Q: What are some of the advantages of offering premium financing?
A: First, premium financing protects your insureds cash flow. When premiums are paid in advance for the entire policy period an unnecessary strain on the insureds cash flow may occur. Premium financing prevents this. Second, an insured may be able to purchase more coverage because the increased premium for the additional insurance protection may be more attractive and manageable spread out over time. Finally, offering a convenient payment plan may give you the edge over a less flexible competitor.
Q: What are your rates and down payment schedules?
A: Rates depend on several factors such as: the Prime Rate, size of the loan, and how soon the funds need to be disbursed. Down payment schedules often depend on minimum earned provisions, pro rata vs. short rate calculation methods, and coverage type. These factors, as well as the needs of the agency and the insured, help us determine a rate structure.
Q: Is the Lloyds Credit Program a "good fit" for my agency?

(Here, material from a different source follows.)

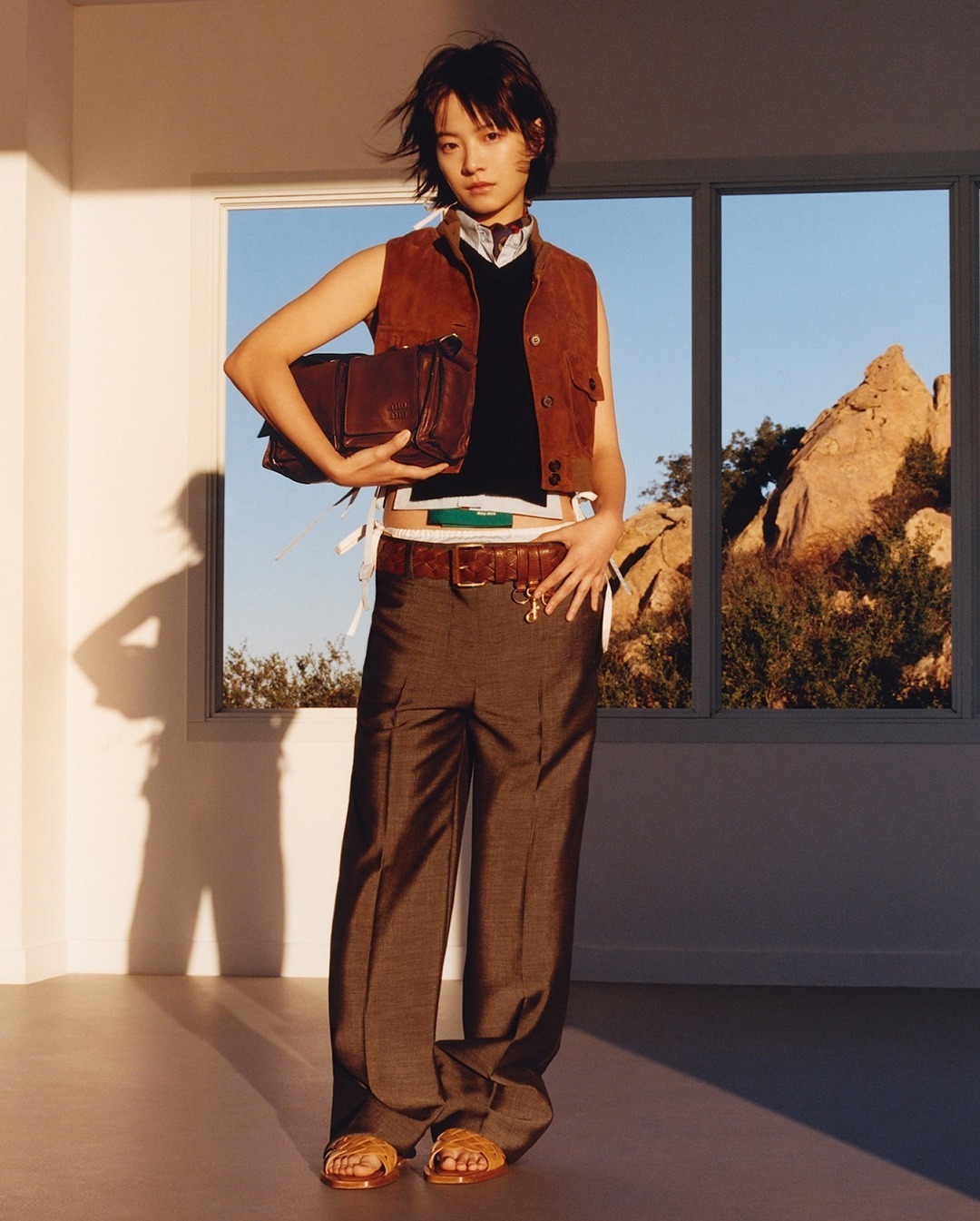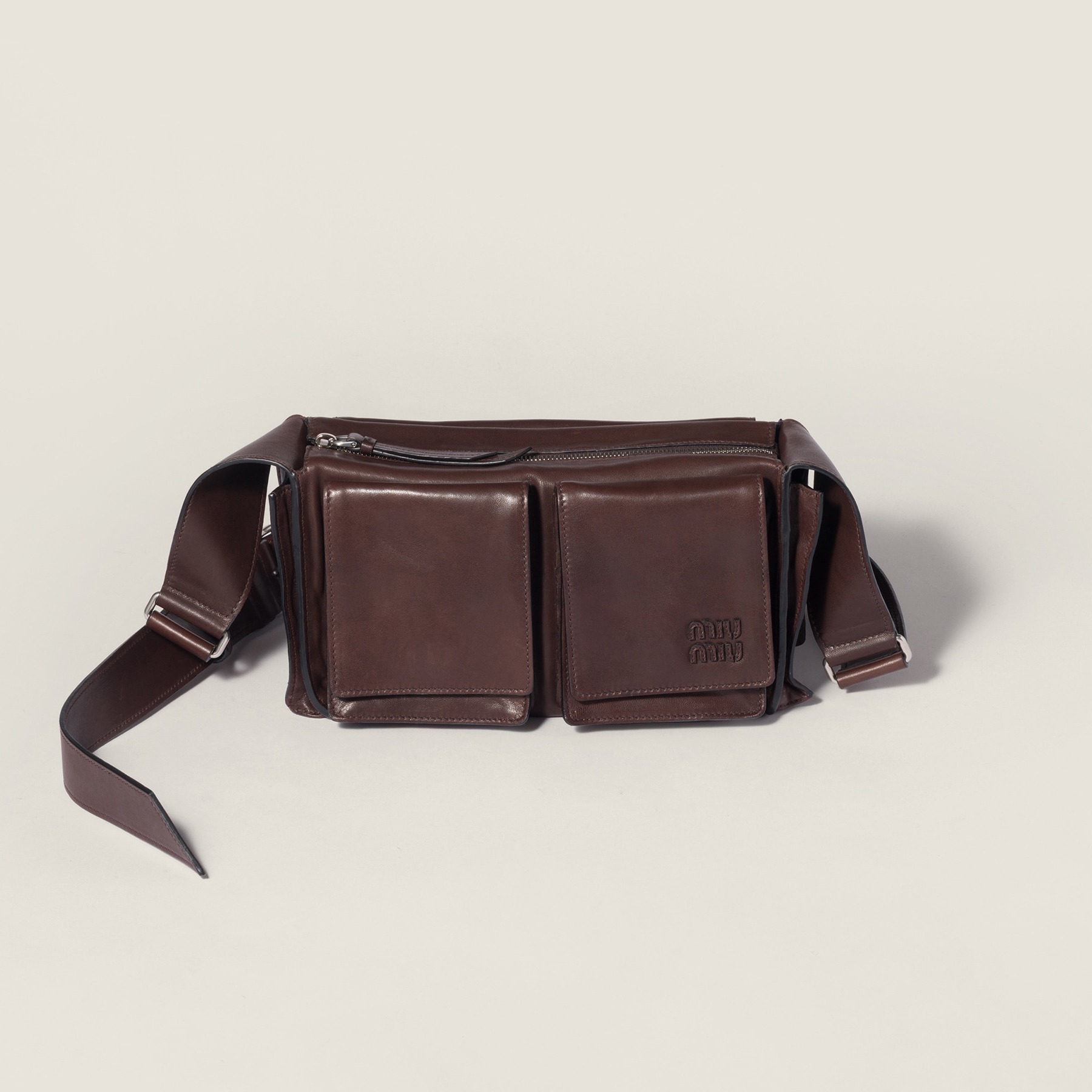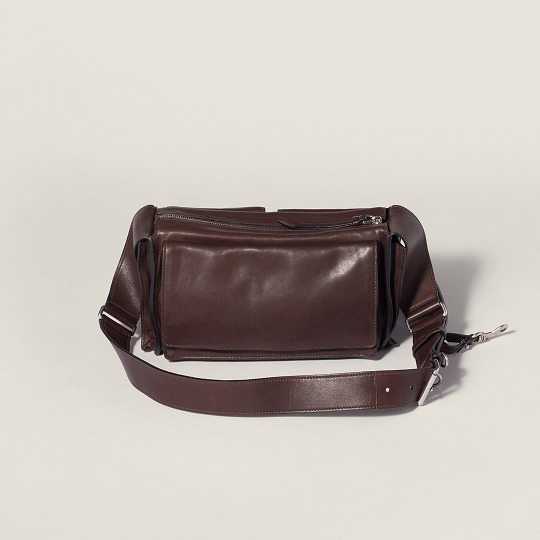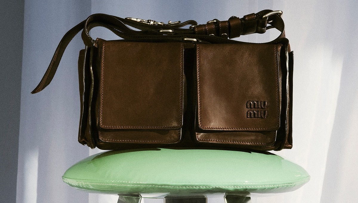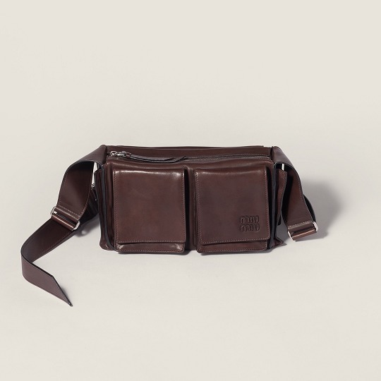 Miu Miu 2026春夏系列推出新款 Utilitaire 手袋,以极简设计重新诠释经典工具包廓形。包包采用赭褐色纳帕牛皮革制作而成,经过鞣制染色处理呈现复古仿旧效果,搭配硬朗帅气的工装口袋和银色五金饰件,展现甜美与叛逆并存的 Miu Miu 女孩特质。

A: The Lloyds Credit Program differs from traditional premium finance plans because your agency becomes the premium finance company and risk bearer. To take advantage of the many benefits of becoming your own finance company, two criteria should be considered: Your agency should finance at least $500,000 in premium per year and ideally enjoy a 45-60 day payment term with your carriers. If your agency meets these two standards, your agency may qualify to participate in one of the most innovative financing programs in the industry today.